From: Antoine Leca (Antoine.Leca@renault.fr)
Date: Fri May 26 2000 - 08:41:50 EDT


OK, if you believe the discussion is better here, I shall stick to that.

Markus Scherer wrote:
>
> i have not read the new drafts for c and c++,

There is nothing like "new drafts". The C++ Standard, ISO/IEC14882:1998,
have been promulgated since almost two years now. The new revision of the
C Standard, ISO/IEC 9899:1999, is promulgated since six months. These are
*closed* works now. Only minor clarifications are possible.
The next version is expected around 2005 (in draft form) for C++...
(The numbering scheme is quite different from the Java one).

> but this sounds like they are not well synchronized with each other and with java.
> the java parsing behavior is very well specified in
> http://java.sun.com/docs/books/jls/html/3.doc.html .

We (the C committee, I mean) are quite aware of the Java specs, thanks.

 
> i want to urge everyone with any influence on the c and c++ standards to
> make sure that they do the same for \u parsing (and \U) as java does.

[ \U is a invention of the C++ committee, so I do not see how it applies. ]

Be sure that everything possible have been made to assure the most
possible equivalence. However, there are basic assumptions, such as
the fact that Java sources are required to be ASCII characters, that are
*not* assumed by the C or the C++ standards, and it is *not* the idea
of either committees to align with Java here (for example, as the text
for Java stands, a plain UTF-16 source text is not conforming...)

Therefore, the C Standard chose, 12-13 YEARS AGO, to left to the compiler's
implementor the issue of the mapping from physical source characters to
the characters as seen by the parser. So what is described in the Java
reference, subclause 3.3, is in C and C++ left to the implementor
(translation phase 1, 5.1.1.2 in C or 2.1 in C++, with the same text).
The Java way have a lot of sense, no doubt about it, but C constraints
were different and result in a different result.

> otherwise, porting between c/c++ and java would become unnecessarily
> more complicated.

It is my understanding that trying to enforce alignment of one Standard
exactly towards another is not the best solution for impeeding portability
problems. I think the far better solution is for programmers to restrict
themselves to subsets of either language.
However, this is a personnal opinion.

 
> one of the things that the \u parsing in java recognizes is that even
> numbers of backslashes before a u will not result in \u parsing, which
> is what one would expect with common escaping behavior.

Good. As I explained before, this behaviour is not enforced in the
C++ Standard, and I find this may lead to problems.
I have done (note the past tense here) my best to modify the C Standard,
in order to correct this area and to issue a revision that is more
"usable". However, when we got understanding of the problems, this was
back in 1997, and it was far too late to correct the C++ Standard.

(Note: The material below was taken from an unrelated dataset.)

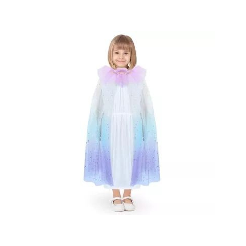 Varázslólány köpeny csillagokkal. Tépőzárral rögzíthető. A cipő és a fehér ruha nem tartozék. Anyaga: 100% poliészter A köpeny hossza: 71 cm
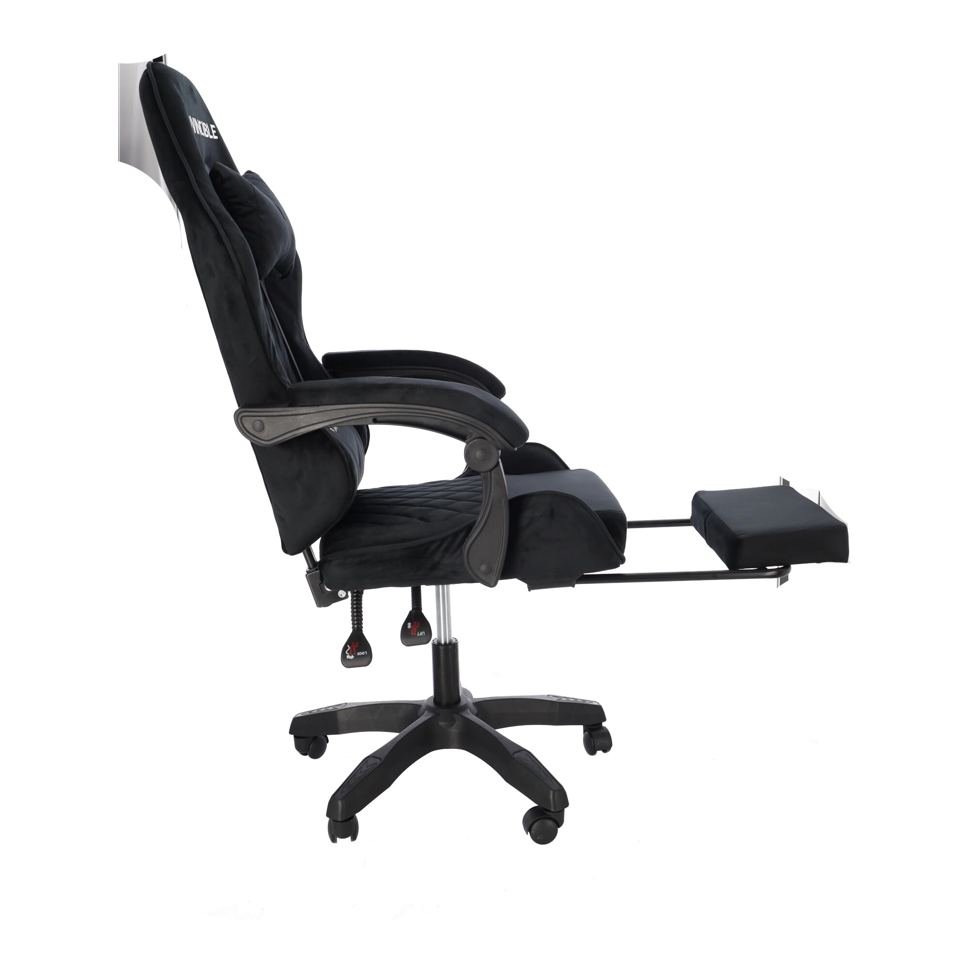 Praktična oprema uključuje glatko podešavanje visine sjedala, mehanizam za njihanje s blokadom i nagib naslona do 145° za brzi odmor. Izvlačni oslonac za noge podupire cijelo tijelo pri gledanju filmova ili tijekom pauze između mečeva. Petokraki križ s kotačićima jamči stabilnost i lako pomicanje za stolom.

Anyway, as I also explained, in the current text for the C Standard,
it is my impression that the behaviour is exactly the same as the one
you described for Java, at least for well-formed programs (as called by C++).
Furthermore, I invite anybody who have doubts here to communicate with me,
because if I may prove wrong, then I have the ways to get the Standard
corrected. However, don't misunderstood me: this is not because I make
this invitation that I believe there are any problem of "synchronisation".
And you have to convince me of any trouble, not to just raise the issue!

Now, it should be taken in account that almost NO implementations today
support the UCNs, being for C or for C++ (and this was even truer
18-24 months ago, when we modified the C Standard toward the present
state). Since almost all C++ compilers are also C compilers (to some
extend), we thus expect from all C++ implementations to act respectfully
to the C Standard (which we designed in a compatible way, needless to say).

So, NO, I do not expect any portability problem in the use of UCNs,
except for very tricky cases. There is a more in-deep discussion of the
tricky problems that I presented to the C committee two years ago,
at <URL:http://www.multimania.com/antoineleca/Ucn.htm> (this text is
certainy plenty of mistakes, I shall appreciate your constructive
critics; I have already noted a problem with the use of "Unicode"!)

Also, one may ask where someone can look after the C or C++ Standards.
Regarding C, the last public draft available can be reached at
<URL:http://anubis.dkuug.dk/JTC1/SC22/WG14/www/docs/n869/>.
It is very near from the actual C Standard in the UCN area.
Regarding C++, look after <URL:http://www.cygnus.com/misc/wp/dec96pub/>
or <URL:http://www.comnets.rwth-aachen.de/doc/c++std/root_frame.html>.
I can't comment about the accuracy on the UCN theme, but I believe
this is fairly close.

> it is confusing enough that different \ escapes are unescaped at different
> times of the parsing,

Yes it is confusing, and for that very reason I did my best to revert (in C)
to the normal state of affairs everytime it was possible. So for example,
in C (and this is different in C++), UCN in strings and character litterals
are handled exactly as "normal" escape sequences.
Only UCN in identifiers are different; and UCN are prohibited everywhere else.

So no Indic digits to write a number, and no U+2028 is allowed to break lines);
and so if an implementation is intended to fully conform with Unicode with
respect to the source texts, then the implementation-defined pahse at the
beginning of translation should be used to map these characters to the meaning
of the equivalent C source characters, but portability is lost here.
Frankly I do not see the problem this may raise practically.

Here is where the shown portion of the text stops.